In some ways this seems to have gotten started with a couple of shows about families that had a large number of children at one time. So, for example, there was Jon and Kate plus Eight, the novelty being that the couple had all but one (I think) of their kids at one time, through fertility drugs. That this was the novelty, however, seems to have been quickly forgotten, and now it suffices just for a couple to have a lot of children.
This has even developed to the point where even people having smaller sized families is deemed noteworthy if the couple is a celebrity couple. There are a couple of television shows that have had this as a platform even though I can't grasp why that should be any more interesting to people than any other couple having children. Indeed in real terms, it isn't, as you don't know the couple.
The worst example of this show, in my view, is MTV's Sixteen and Pregnant. Defenders of the show argue that it shows the viewers that you don't want to be sixteen and pregnant, but what it really seems to do is follow around a fairly clueless set of male and female couples in an expertize of pathos. And it seems to me that its simply odd to be following around teenagers with a camera and pretend that the cameraman isn't there. Of course the camera is there. Who has a deep meaningful discussion on anything with a camera there?
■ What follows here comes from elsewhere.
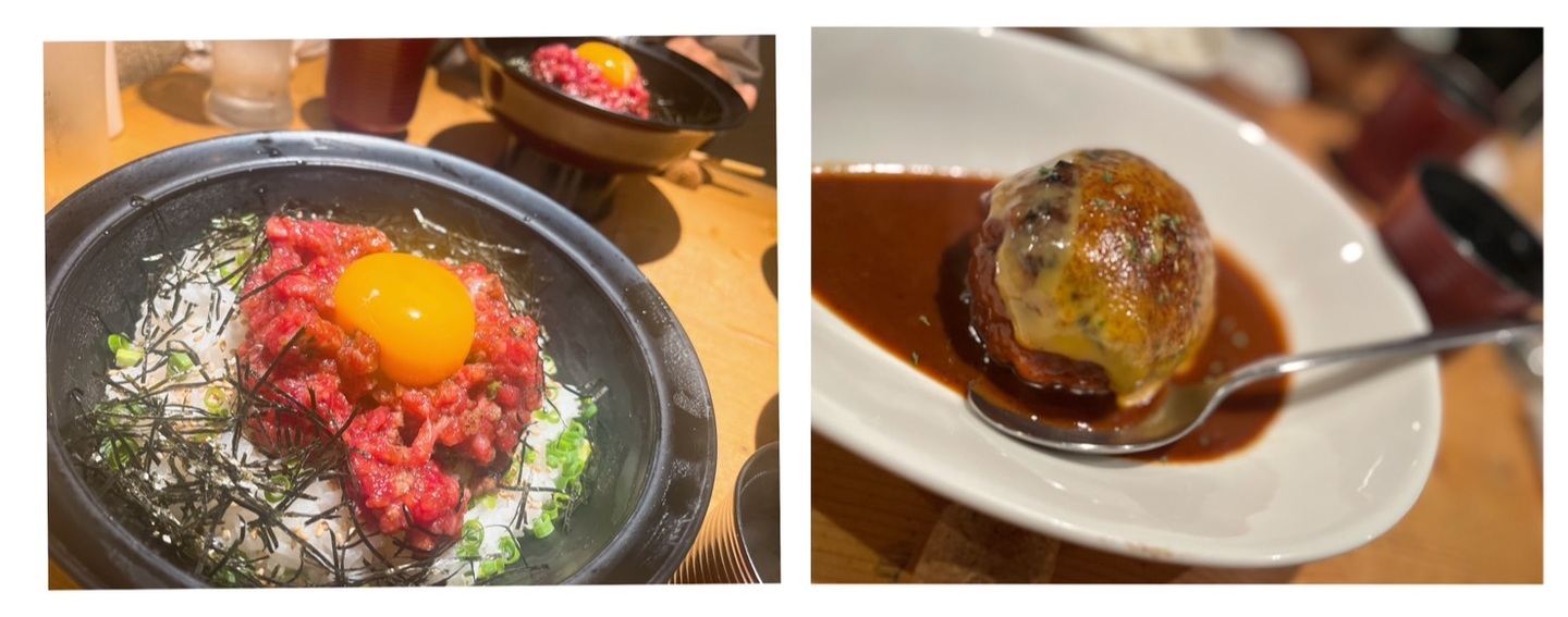 (写真)左:黒毛和牛炙りユッケ丼、右:飲めるハンバーグ

Well, anyway, there's still the old movie channels.
Tuesday, June 11, 2013
Pemco automatic reel
This ia Pemco fly fishing reel that's rather old, which I recently pressed back into service. I'm pretty sure I have it mounted backwards here, but I rather absentmindedly did this as the line was feeding out from the other direction. I rather obviously could have fixed that, but I just took it for granted that it was feeding out from the correct direction.
The action of this reel is rather odd, and I wouldn't buy one if it were offered now. It's an automatic reel. That is, the line retracts when the trigger is pressed. Having said that, I'm rather surprised by how well it works.
Anybody know anything about these?
Epilog
I had the occasion to take this apart the other day, as I had to add line to it. In the process, I stripped it down to clean it. Turns out it works much like a wind up clock.
Here's what keep the whole thing running. A long steel spring that is set to an axle, which is set by tightening the base.
Monday, June 10, 2013
SUVs before SUVs
A 1962 Dodge Power Giant Carryall. Not mine, I saw it for sale the other day while driving through town. It appears in nice shape, and still features bias ply tires. This is a D100 Carryall, which means its rated at 1/2 ton, although it has a two speed rear axle. Of course, I don't know anything about it or what is, or isn't original. It looks pretty original, however.
Anyhow, it's interesting how SUVs are supposed to be a modern concept, with the Chevrolet Suburban supposedly sort of ushering them in. But Suburban's themselves go way back, and before them were vehicles like this Dodge Carryall. Carryalls, in fact, go all the way back to World War Two.
Of course, these aren't easy to drive. It has a manual transmission and armstrong steering. And, of course, conventional hydraulic brakes. Not something a soccer mom, or dad, would probably drive. Still, it's interesting to note how far back the concept of a full sized 4x4, built on a truck frame, goes. About as far back as 4x4 trucks themselves.